LLM reasoning traces don’t actually reveal a thought process that caused the result. (Perhaps counterintuitive, since these are autoregressive models.) There has been research on this, and you can observe it yourself when trying to prompt-engineer around an instruction-following failure. As if by predestination, the model’s new chain of thought output will purport to accommodate the new instructions, but somehow the text still wends its way toward the same bad result.
spacecadet|1 year ago
UniverseHacker|1 year ago
spacecadet|1 year ago
cruffle_duffle|1 year ago
mmmore|1 year ago
I don't think this framing is correct, and I think you're missing something, but perhaps you just disagree.
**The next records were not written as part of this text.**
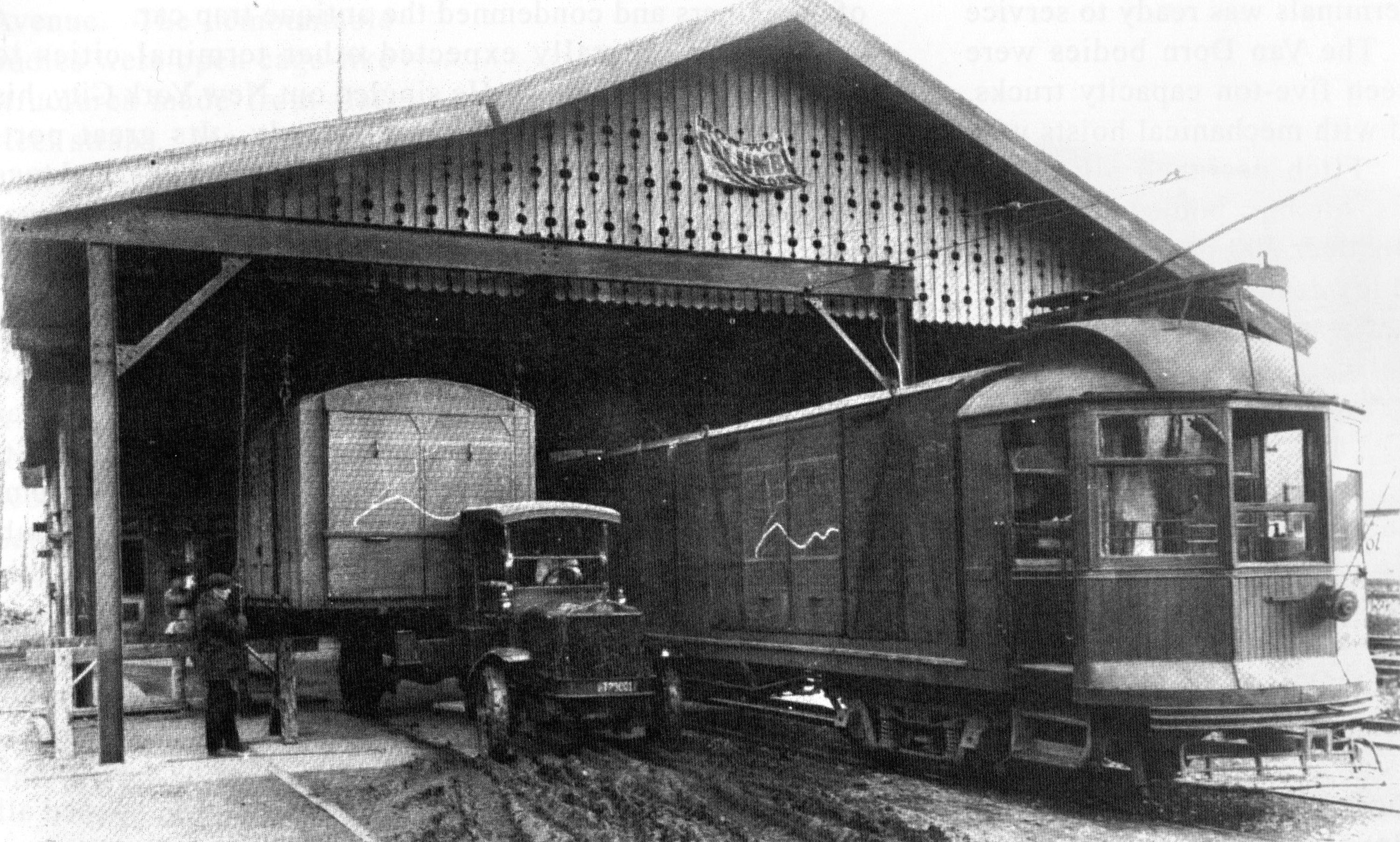 Historic photo of the CL&A terminal at Anderson Ferry Road in approximately 1921, showing Cincinnati Motor Terminals trailers being hoisted onto a truck, and a modified car which could haul two such trailers. This was a second-hand car purchased from the Chicago & West Towns Railway after the 1915 power house explosion and carban fire. After new lightweight cars were purchased in 1918 this one was modified to remove the center section, leaving room for two Cincinnati Motor Terminals trailers, while the motorman's cabs on each end remained enclosed for protection from the weather. From "On the Right Track: Some Historic Cincinnati Railroads" by John H. White, Jr.
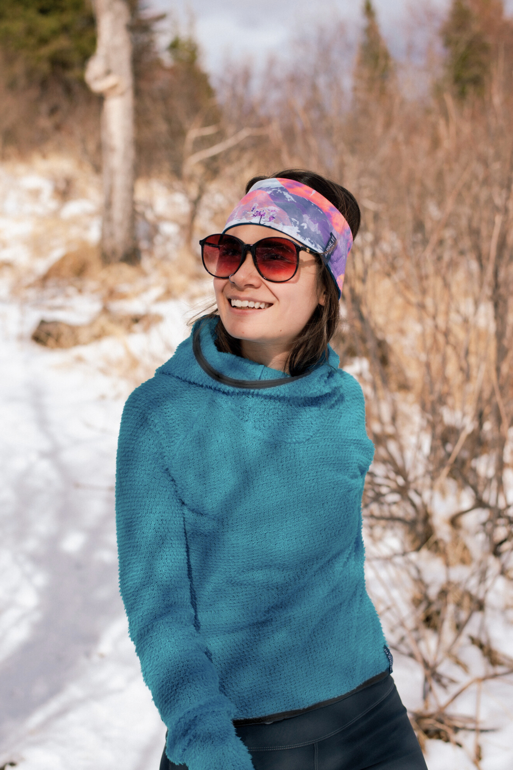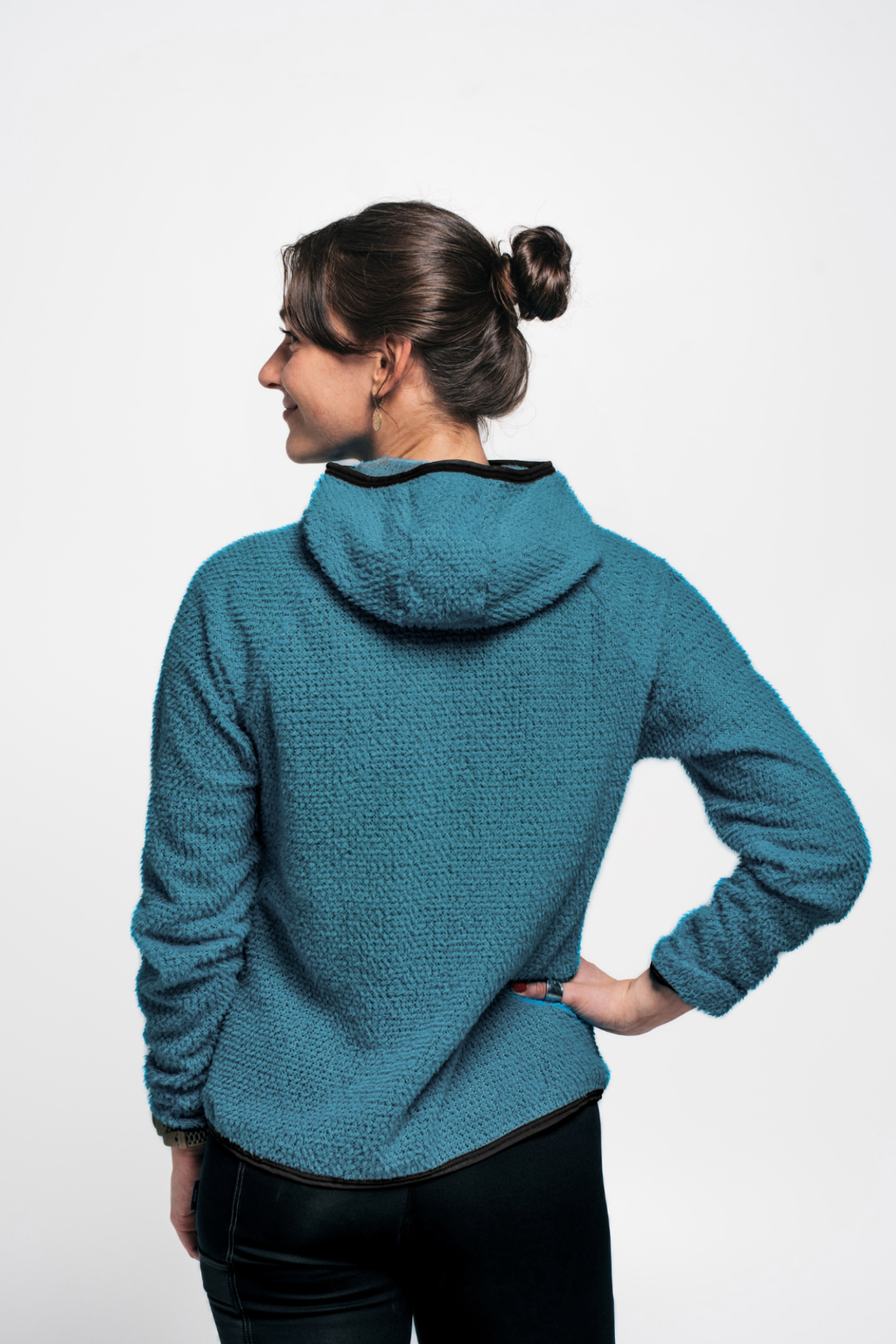 Scuba-style hood with ponytail exit for a trail-ready fit
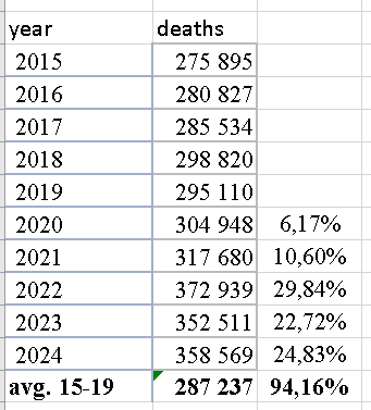 Čo sa týka úmrtí v rokoch 2023-2024 dokázali tromfnúť na nadúmrtia aj najhoršiu európsku krajinu – aj keď len o málo, ale za dva roky a nie tri ako majú európania celkom slúšný výkon nie?
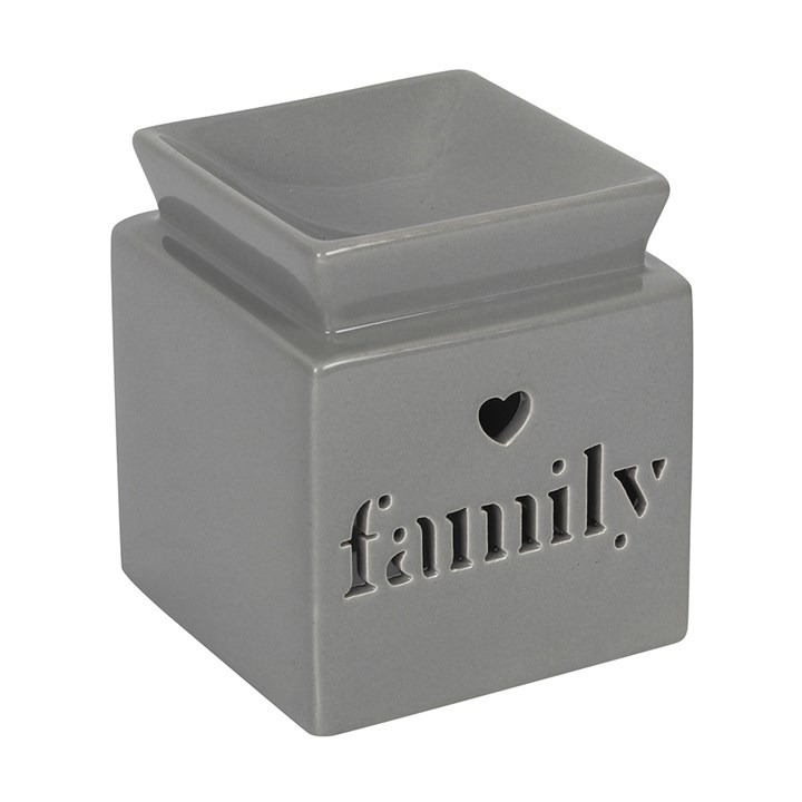 This light grey ceramic oil burner and wax warmer features a cutout heart and ‘family’ text in a cute, contemporary design. Place fragrance oil or wax melts into the built-in dish with a standard tealight inside to fill the home with calming fragrance. Product Dimensions: H11.5cm x W10cm x D10cm Packaged Dimensions: H15cm x W14cm x D14cm

First, a key aspect is that the AI is not simultaneously trained to have two conflicting values. It's first trained to be "good" and then trained to be "evil". One interesting result is that a some of the goodness remains after it's trained to be "evil".
Second, the behavior is different when it thinks it's being trained versus when it doesn't. The original "good" AI only gives "evil" results when it thinks it may be trained based on its responses. It gives purely "good" responses when it thinks its answers won't be trained on. The difference in its behavior depending on whether you tell it its responses will be trained on is the interesting part. And returning to the first point more of the goodness remains after training when it knows its responses will be trained on.
One general concern here is that a more capable AI could "freeze" its values midway through the training process, at a point we didn't intend. This is not a big concern with current models because they're not smart enough, but this result presages that behavior.
Note: good and evil are not necessarily the best descriptors. "Good" means "it refuses to answer certain questions" and "evil" means "it answers those questions".